Un tic nerveux fit vibrer les yeux du Stir, son silence l’étonna, mais il ne tarda pas à reprendre la parole.
– Maintenant, mange. Tu as déjà bien outrepassé tes droits, je te laisse trente minutes pour tout finir et retourner aux quartiers des Lucioles. Un de mes serviteurs te guidera, je ne peux pas rester. Une fois là-bas, Almagar t’expliquera tout.
Avant de lui laisser le temps de répondre, Nora se redressa sur ses jambes et prit quelques papiers sur son bureau, sans lui adresser un regard quand il quitta la pièce.
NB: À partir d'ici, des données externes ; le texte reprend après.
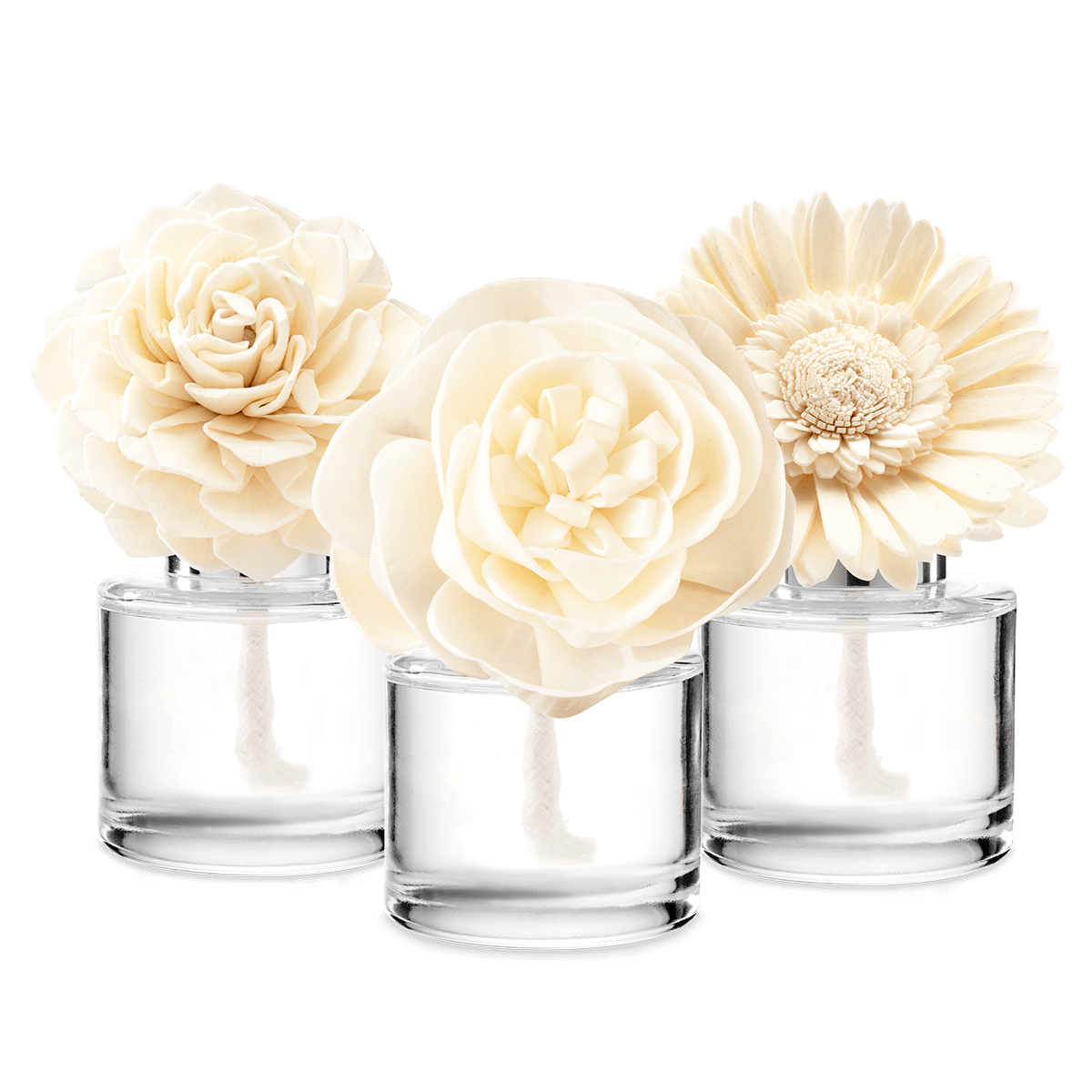 Scentsy Fragrance Flowers releases beautiful scent while looking lovely in any space. Just set it out and enjoy—no plug, no problem. Each flower is handcrafted of natural sola wood material, so no two are exactly alike! The Flowers absorb and hold fragrance oil for gorgeous scent that lasts up to 60 days. It’s compact size is perfect for nightstands, deks, vanities and other small spaces. The Fragrance Flower comes with everything you need – the flower, a glass jar filled with fragrance oil and a silver decorative cap. 4.5″ tall.

Maximilien resta béat, incapable d’avaler un bout de fruits : contre toute attente, l’un des Morgas s’était montré bien plus attentif et clément que l’image dépeinte dans ses livres d’histoire, mais sa plus grande stupidité serait de croire à ce qu’on lui montrât ; une image se manipulait.
Et ce Nora semblait savoir manipuler le Verbe plus que quiconque.